From the entries below, copy every line that holds the word "front".

(Given data begins)

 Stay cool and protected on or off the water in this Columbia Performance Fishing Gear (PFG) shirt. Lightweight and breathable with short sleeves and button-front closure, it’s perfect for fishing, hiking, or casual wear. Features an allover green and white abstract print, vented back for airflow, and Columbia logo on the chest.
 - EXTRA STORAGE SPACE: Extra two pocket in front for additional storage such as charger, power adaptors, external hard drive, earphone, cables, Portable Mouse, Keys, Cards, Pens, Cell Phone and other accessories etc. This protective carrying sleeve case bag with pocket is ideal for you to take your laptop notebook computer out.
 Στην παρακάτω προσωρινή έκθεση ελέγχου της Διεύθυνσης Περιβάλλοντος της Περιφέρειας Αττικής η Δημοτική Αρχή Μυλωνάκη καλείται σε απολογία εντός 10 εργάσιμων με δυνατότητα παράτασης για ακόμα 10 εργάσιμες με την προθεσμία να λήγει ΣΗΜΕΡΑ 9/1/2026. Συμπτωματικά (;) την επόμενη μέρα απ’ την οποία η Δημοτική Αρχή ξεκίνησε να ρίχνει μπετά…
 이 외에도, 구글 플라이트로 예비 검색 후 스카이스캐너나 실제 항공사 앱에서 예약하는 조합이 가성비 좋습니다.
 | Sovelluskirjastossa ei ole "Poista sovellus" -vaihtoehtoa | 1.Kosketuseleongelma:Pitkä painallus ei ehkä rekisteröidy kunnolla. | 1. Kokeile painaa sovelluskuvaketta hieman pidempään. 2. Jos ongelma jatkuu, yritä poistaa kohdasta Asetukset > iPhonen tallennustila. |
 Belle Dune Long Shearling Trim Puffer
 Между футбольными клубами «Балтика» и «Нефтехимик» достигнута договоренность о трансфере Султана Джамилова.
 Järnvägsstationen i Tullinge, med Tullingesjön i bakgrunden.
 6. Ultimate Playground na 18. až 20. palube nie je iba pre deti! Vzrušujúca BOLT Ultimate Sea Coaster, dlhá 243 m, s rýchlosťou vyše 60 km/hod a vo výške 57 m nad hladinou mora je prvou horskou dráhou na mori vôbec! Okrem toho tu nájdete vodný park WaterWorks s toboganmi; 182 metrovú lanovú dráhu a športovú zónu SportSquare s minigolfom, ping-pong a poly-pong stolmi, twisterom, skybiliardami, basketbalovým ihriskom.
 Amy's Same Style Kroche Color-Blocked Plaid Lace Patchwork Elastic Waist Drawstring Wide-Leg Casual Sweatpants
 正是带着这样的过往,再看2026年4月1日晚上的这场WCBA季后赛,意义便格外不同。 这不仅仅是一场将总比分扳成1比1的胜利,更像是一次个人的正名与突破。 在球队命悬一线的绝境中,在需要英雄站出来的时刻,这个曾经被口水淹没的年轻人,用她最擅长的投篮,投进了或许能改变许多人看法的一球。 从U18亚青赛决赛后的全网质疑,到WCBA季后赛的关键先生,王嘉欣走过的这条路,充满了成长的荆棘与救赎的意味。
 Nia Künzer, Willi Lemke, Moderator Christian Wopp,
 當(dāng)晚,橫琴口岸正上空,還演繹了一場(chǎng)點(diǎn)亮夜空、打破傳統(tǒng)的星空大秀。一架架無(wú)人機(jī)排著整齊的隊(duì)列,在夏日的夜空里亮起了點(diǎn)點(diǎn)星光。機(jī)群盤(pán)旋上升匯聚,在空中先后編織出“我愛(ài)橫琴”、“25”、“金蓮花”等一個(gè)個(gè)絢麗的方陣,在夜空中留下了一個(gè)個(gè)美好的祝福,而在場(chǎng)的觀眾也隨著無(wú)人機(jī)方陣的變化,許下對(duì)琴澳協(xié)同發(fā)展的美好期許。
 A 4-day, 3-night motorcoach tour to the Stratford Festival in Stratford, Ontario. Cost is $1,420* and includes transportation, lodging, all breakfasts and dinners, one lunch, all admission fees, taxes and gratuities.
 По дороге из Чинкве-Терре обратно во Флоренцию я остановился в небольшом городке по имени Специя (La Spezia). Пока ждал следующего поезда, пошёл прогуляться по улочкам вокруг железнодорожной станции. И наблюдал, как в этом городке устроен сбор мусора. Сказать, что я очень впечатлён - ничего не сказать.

(Given data ends)

Answer box:
 Stay cool and protected on or off the water in this Columbia Performance Fishing Gear (PFG) shirt. Lightweight and breathable with short sleeves and button-front closure, it’s perfect for fishing, hiking, or casual wear. Features an allover green and white abstract print, vented back for airflow, and Columbia logo on the chest.
 - EXTRA STORAGE SPACE: Extra two pocket in front for additional storage such as charger, power adaptors, external hard drive, earphone, cables, Portable Mouse, Keys, Cards, Pens, Cell Phone and other accessories etc. This protective carrying sleeve case bag with pocket is ideal for you to take your laptop notebook computer out.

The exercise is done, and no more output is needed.